VR features and learning
1.1
VR learning environments offer multisensory, interactive, and realistic settings that activate cognitive and behavioural processes by simulating real-life experiences (Diersch and Wolbers, 2019; Jongbloed et al., 2024). Meta-analyses show clear benefits of immersive VR over traditional and nonimmersive learning methods, with positive behavioural, cognitive, and emotional outcome. This occurs across various contexts such as education (Conrad et al., 2024; Santilli et al., 2025), vocational training (Chiang et al., 2022), medicine (Zhao et al., 2020), and industry (Radhakrishnan et al., 2021). VR appears particularly effective in strengthening procedural knowledge, including practical skills, spatial reasoning, and problem-solving (Conrad et al., 2024). Learners make fewer errors, make decisions more quickly, and execute tasks more accurately (Wismer et al., 2022), supported by real-time feedback and opportunities for iterative practice (Makransky and Petersen, 2021). The core advantage of VR over traditional, usually passive, methods is real-time interactivity (Zhao et al., 2021). Degree of interaction with the environment (e.g., sensorimotor contingencies, real-time feedback) and experiencing consequences increase cognitive strategies and make complex information more memorable (Makransky et al., 2019), thereby supporting skill transfer to real settings (Diersch and Wolbers, 2019). By contrast, outcomes for declarative knowledge appear less consistent, with studies suggesting that VR does not support factual learning as effectively (Morélot et al., 2021; Paes et al., 2021). Alongside these findings, VR relates to learners’ subjective experiences. Realistic interaction and presence can improve task focus and engagement (Buttussi and Chittaro, 2021; Makransky et al., 2019), and many learners report greater motivation, satisfaction, and self-efficacy than with traditional methods (Andersen and Makransky, 2021; Paes et al., 2021). For this immersive experience, graphic quality and interaction fidelity (the exactness with which real-world interactions can be reproduced) are important (McMahan et al., 2012). At the same time, demanding scenarios may increase stress, thereby possibly enhancing focus if moderate but impair memory and performance if excessive (Mehta et al., 2025). These features make learning in VR particularly suitable for safety training, in which acquiring and retaining procedural skills under realistic and high-pressure conditions is essential.
Safety trainings
1.2
Safety trainings are designed to prepare individuals to respond effectively to hazardous events, such as fires, accidents, or emergencies in confined spaces. A recent systematic review and meta-analysis (Scorgie et al., 2024) showed that VR has been increasingly applied in this field, with most studies conducted in construction safety (e.g., Afzal and Shafiq, 2021; Bhagwat et al., 2021) and fire safety (e.g., Morélot et al., 2021; Rahouti et al., 2021) and fewer applications addressing other situations, such as aviation, mining, and laboratory safety.
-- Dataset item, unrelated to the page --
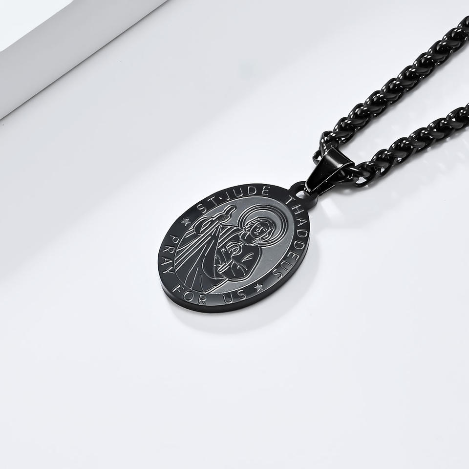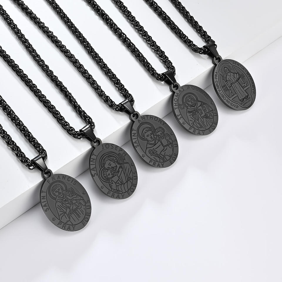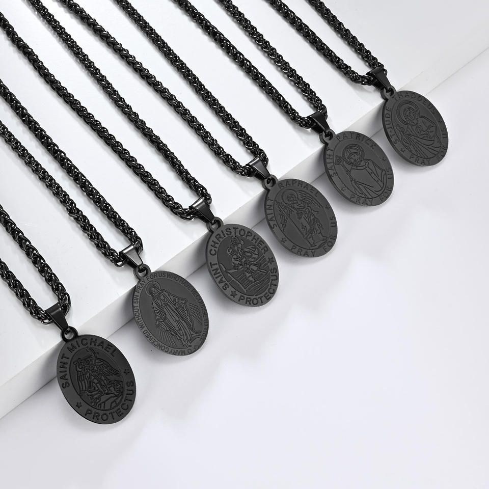 Collar de acero de titanio Saint Michael para hombre, colgante religioso negro, regalo, joyería, cadena de acero inoxidable de 24 pulgadas
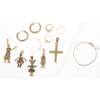 four examples, of various shapes and designs, set at intervals with various coloured stones, a 9ct gold engraved cross pendant, a 9ct gold wedding band and christening pendant; a broad diamond set band, stamped 18ct, various other pieces of unmarked yellow metal jewellery (qty)

The results indicated that VR applied to safety training has larger advantages than static materials (e.g., manuals or lectures) and smaller but still significant gains than video or desktop-based training. Most VR fire safety training studies focus on industrial or training centre environments (e.g., warehouse, hospital units, laboratory benches, vehicle engines) rather than office settings, with only a few explicitly simulating office buildings for evacuation drills (e.g., Oliva et al., 2019). In addition, the majority of studies have been conducted with students or young adults (e.g., Morélot et al., 2021; Paszkiewicz et al., 2023; Satapanasatien et al., 2021), and fewer have involved working adults or safety-critical personnel although there is evidence that VR training can also be effective in these groups (e.g., Rahouti et al., 2021, with hospital staff; Saghafian et al., 2020, with industry workers). As a result, common fire scenarios in office workplaces remain underinvestigated.
In addition, researchers have investigated subjective aspects of the training experience, such as ease of use and cognitive load (e.g., Lovreglio et al., 2021; Rahmalan et al., 2020), immersion (e.g., Morélot et al., 2021), sense of presence (e.g., Çakiroğlu and Gökoğlu, 2019), or motivation (e.g., Lovreglio et al., 2021; Rahouti et al., 2021). However, they typically examine only a single dimension at a time, sometimes using single-item questions, rather than employing a comprehensive evaluation of the psychological experience. Moreover, no study has been conducted to assess stress related to the experience even though safety training involves potentially stressful situations.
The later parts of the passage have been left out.